Some years back, a popular financial blogger and podcaster offered a novel solution to credit card debt: just don’t pay it. That proposal was based on two claims: your credit score doesn’t really matter anyway, and since collection agencies buy your debt for pennies on the dollar, it’s easy to settle with them for a lot less than you owe. But are these claims true? Is walking away from debt really a viable option?
Let’s take a closer look.
Walking Away From Debt: The Timeline
You’ve had it with a debt, and you’ve decided to just walk away. You stop making payments. What’s going to happen?
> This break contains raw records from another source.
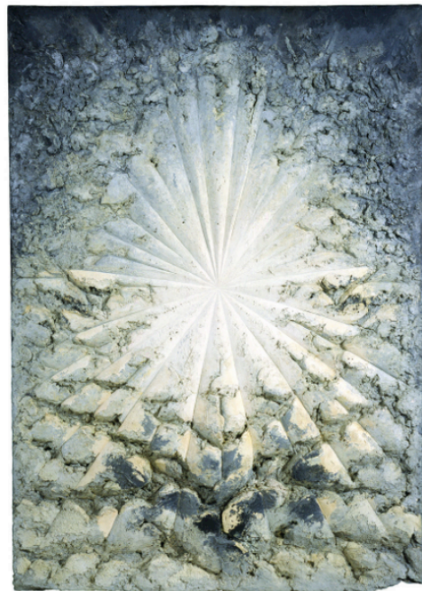
Jay DeFeo, The Rose, 1958-66.

In the career of Jay DeFeo , her astonishing painting The Rose (1958–66) casts a long shadow. Spanning almost 11 by eight feet, it has a primordial-looking surface of oil paint mixed with wood and mica so heavily built up and excavated that it weighs more than a ton. This abstract, sculptural canvas, with radiating vectors that converge at a center point, occupied DeFeo for eight years—consuming her entirely for the last five of those. The Rose acquired mythic status when the
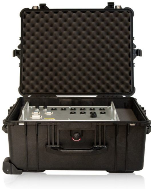
Fig. 4: Measurement box in transport case
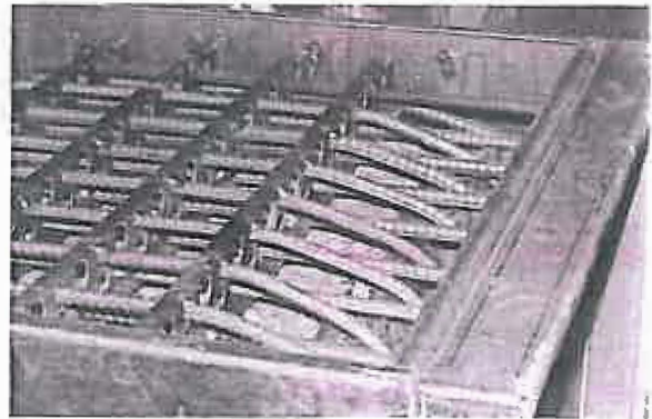
An impressive steel grid forms just one of the many lines of defense in the body build-up completely shrouding the main dense monolithic core of aluminum corund casting.

The INTERSEC Nordic Series is beautifully finished in a textured sand-grey with steel-blue fascia and polished chrome fittings.
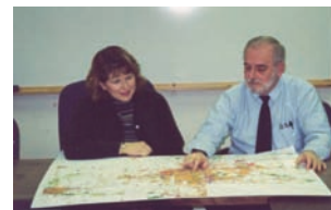
Land Use Planning

That depends to some extent on the type of debt, the creditor, and the specific agreement you have with that creditor. In general, though, here’s what you can expect.
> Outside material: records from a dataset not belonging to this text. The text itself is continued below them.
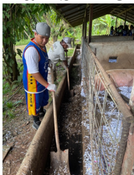
Students of Koror Elementary School joining in on the activities led by CRE staff at R&D Station at Ngermeksang, Ngeremlengui

On October 18 and 19, a total of 82 eighth grade students from Koror Elementary School had a field trip to the Research and Development (R&D) station in Ngermeksang, Ngeremlengui. The students were split into groups and got to rotate in six (6) different stations with activities that included: mixing soil, potting and planting, nursery education, tissue culture, dry litter systems, and collecting dry litter. Each station had an assigned CRE staff to explain the importance of each activity. After lunch, the students were quizzed on what they learned and won stickers. They also were able to share one new thing they learned. Their last activity included a new game called “Plants vs. Threats” that was created by Youth Extension Agent, Elchhung Hideyos. In this game, you basically need to grow your garden with the plant cards and add booster cards that could strengthen your garden or even protect your plants from dying. But there are also threat cards that could kill your plants or destroy your whole garden. This game helped the students understand the many different threats to plants, and also solutions to protect your plants. This newly developed game is still in its trial-and-error phase, but the awesome feedback we got from the 8th graders is that we need to publish the game now! Thank you to our CRE staff and Associate Professor of Agricultural Science, Fredrick Ikertang for teaching.
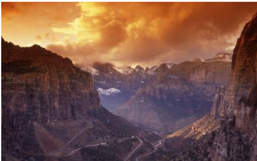
Zion National Park overlook

We are the rally leaders and are both staying at the Casablanca Resort.
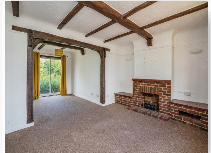
Fitzwygram Crescent, Havant PO9 2BZ
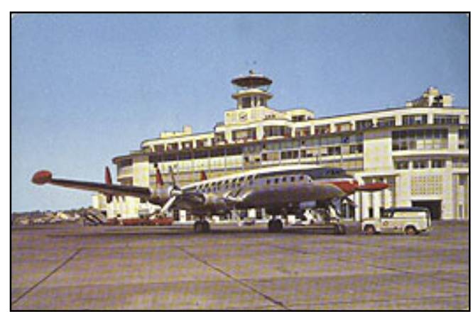
Northwest Airlines Constellation airliner at Sea-Tac Airport, 1950s Postcard
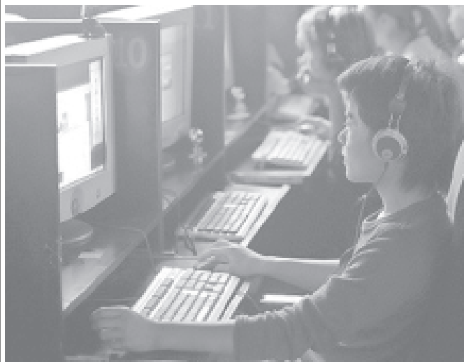
People surf the Internet at a cybercafe in Chengdu city, in China's southwestern province of Sichuan recently.
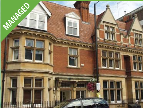
114A Harley Street
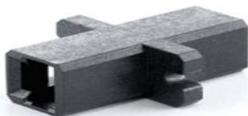
MT-RJ Standard Adapter
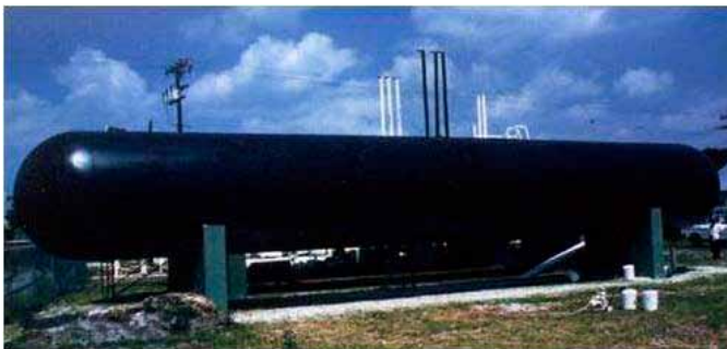
Valve Application on Tank

- 30 days. You can expect a letter, call, or email from your creditor reminding you that you’ve missed a payment. In addition, your late payment may be reported to one or more credit bureaus.
- 60 days. If you haven’t paid the debt or responded to the 30-day message, you can expect to receive more aggressive requests for payment. You may be assessed late fees, and a penalty interest rate may be applied. In addition, your late payment will almost certainly be reported to the credit bureaus, and your credit score will drop.
- 90 days. The creditor is likely to declare you in default. Your credit score will drop further. The account may be sold to a collection agency. If the debt is secured, the creditor may begin the process of seizing the collateral.
Those are general guidelines, and the details of what happens will depend largely on what type of debt you have. So let’s take a closer look at some more specific cases.
Walking Away From Secured Debts
A secured debt is backed by collateral: you essentially tell the lender that they can take the collateral if you don’t pay. The most common types of secured debts are mortgages and car loans.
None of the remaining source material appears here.